Nigerians may soon pay more for one of the most basic banking tools — the ATM card — following a proposed revision of charges across the financial system by the Central Bank of Nigeria (CBN).
In its exposure draft for the 2026 Guide to Charges, the apex bank proposed a ₦1,500 fee for the issuance and replacement of ATM debit cards, representing a 50 per cent increase from the ₦1,000 benchmark in place since 2020.
The adjustment, scheduled to take effect from May 1, 2026, signals a shift in how everyday banking costs are structured, particularly for services widely used by millions of Nigerians.
Beyond the increase, the review reflects a broader policy direction. According to the CBN, the revised charges are part of efforts to modernise the financial ecosystem, promote innovation, and expand digital transactions — especially in low-value payments where financial inclusion remains critical.
The document, signed by Rita I. Sike, Director of the Financial Policy and Regulation Department, introduces a more flexible pricing framework. While standard debit and credit cards will attract a fixed ₦1,500 fee, premium cards will be subject to negotiable pricing, creating a new dynamic between banks and customers.
This marks a departure from the 2020 guideline, which standardised ATM card fees at ₦1,000 across all categories, covering issuance, replacement, and renewal.
The draft also strengthens consumer protection measures. Financial institutions will be required to clearly inform customers when charges are negotiable and ensure that fee agreements are reached transparently. All charges must remain within defined regulatory limits, reinforcing accountability.
In addition, the CBN clarified its position on low-balance accounts. Customers will not be charged beyond available funds; instead, pending charges will be deferred until sufficient balance exists, and such deferred fees will not attract interest.
The proposed framework applies broadly across the financial sector, including commercial banks, merchant banks, microfinance institutions, mobile money operators, and mortgage banks under the CBN’s regulatory oversight.
For the regulator, the objective is to create a more transparent, structured, and competitive financial system that reflects evolving realities — particularly the growth of digital banking and emerging financial service providers.

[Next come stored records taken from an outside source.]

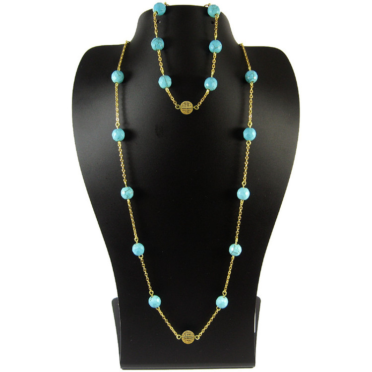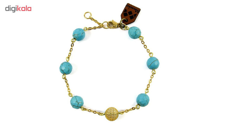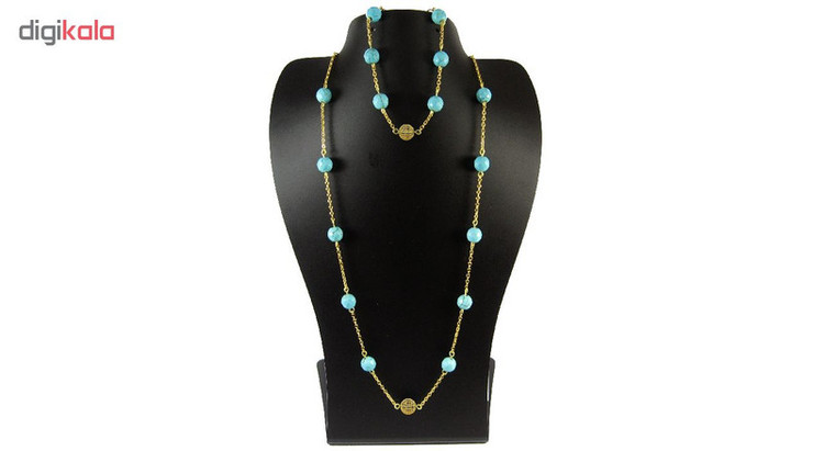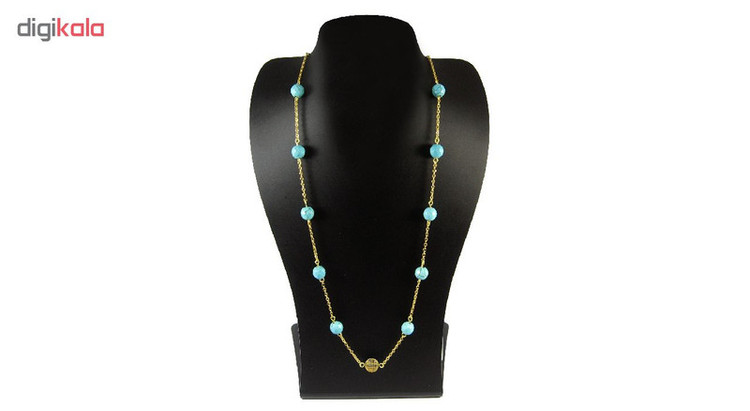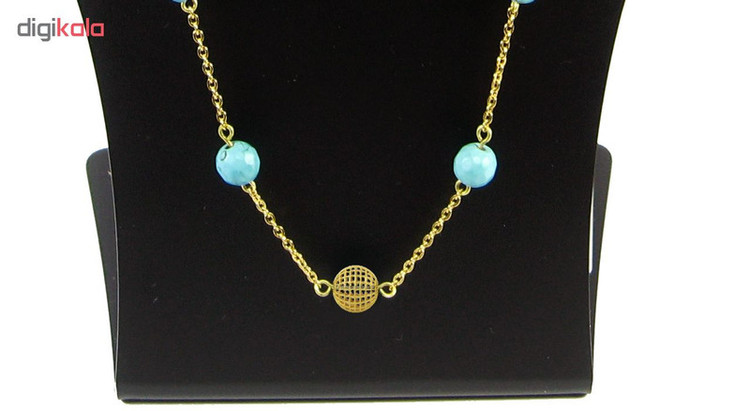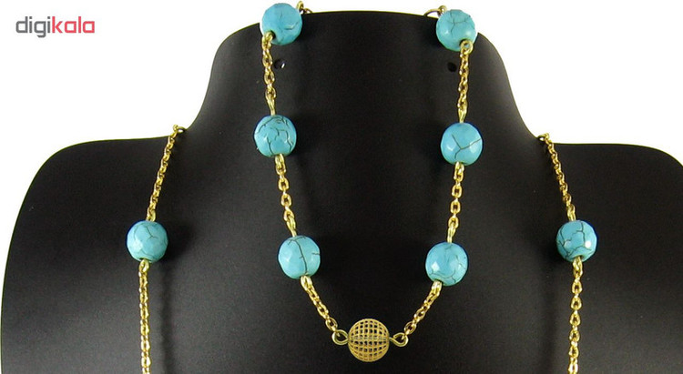 ساخته شده از : یک گوی طلا 18 عیار توری شکل به ابعاد 0.8 در 0.8 مهره های طبیعی فیروزه تراش خورده به قطر 0.8 سانتی متر که توسط زنجیر و قفل استیل با آبکاری طلایی بسیار محکم و ظریف به هم متصل شده اند با طول حدودی 50 تا 55 سانتی متر
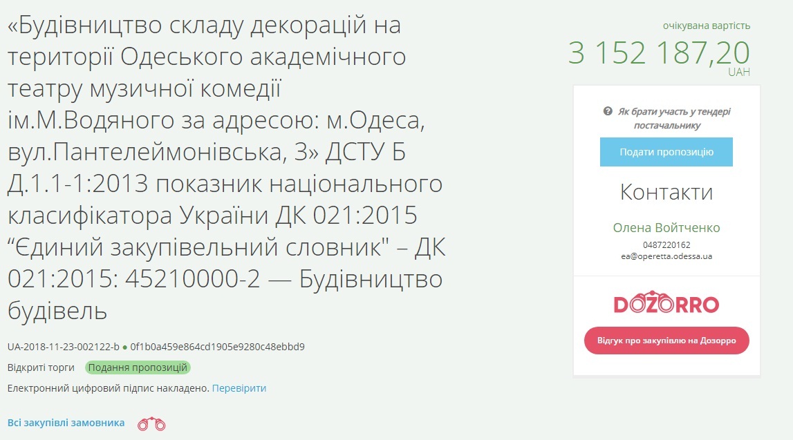 Коммунальное учреждение «Одесский академический театр музыкальной комедии им.М.Водяного» объявил тендер для поиска подрядчика, которому заплатят за строительство склада декораций.
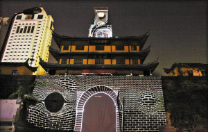 鼓楼超炫的3D光影效果引人注目
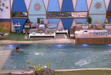 Na área externa, Diego e Kaysar tomam banho de piscina. Caruso e Viegas especulam sobre o Jogo da D...
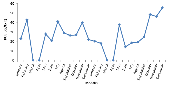 The comparison of the monthly yields from surveys with those calculated from the statistics of the DGPA shows a considerable difference. Indeed, the month of February 2008 corresponds to the moast productive month. We notice a stagnation in the evolution of yields between year (data from DGPA). The minimums of production are obtained during the months of January 2007 and August 2008 (Figure 11).
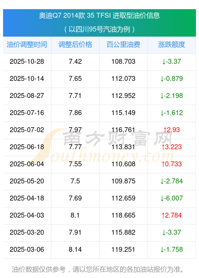按照10月28日95號(hào)汽油最新調(diào)整價(jià)格7.42元/升來(lái)計(jì)算(以四川為例),該車型百公里平均油費(fèi)為108.703元,按照上一輪10月14日調(diào)整價(jià)格7.65元/升來(lái)計(jì)算,百公里平均油費(fèi)為112.073元,對(duì)比上一輪少花3.37元,下一輪油價(jià)調(diào)整時(shí)間為11月10日24時(shí)。
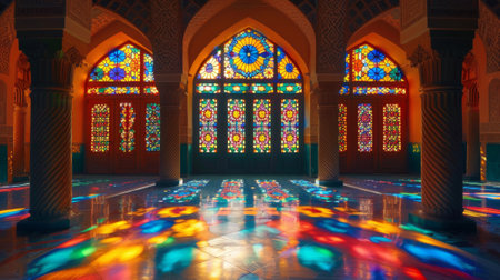 moroccan interior design features tall arched doorways and stained glass windows, creating a magical play of light and shadow as sunlight filters through
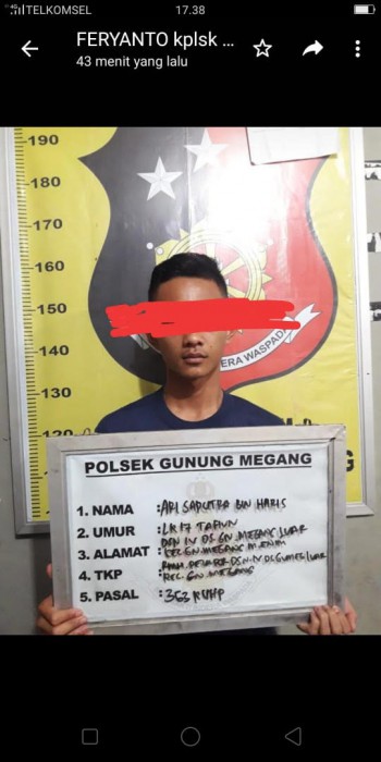 Sedangkan temannya telah ditetapkan sebagai DPO. Kini pelaku bersama barang buktinya telah diamankan di Mapolsek Gunung Megang untuk menjalani proses hukum.

However, for many Nigerians, the immediate concern is the impact on daily costs. Amid rising living expenses, even a modest increase in ATM card fees could be significant, especially for customers who frequently replace or renew their cards.
The CBN has opened the draft for public input, inviting stakeholders to submit feedback before May 8, 2026.
If adopted, the new guide will replace the 2020 framework and redefine banking charges in Nigeria. For now, the proposal remains under review — but it has already sparked renewed debate over the cost of banking services in the country.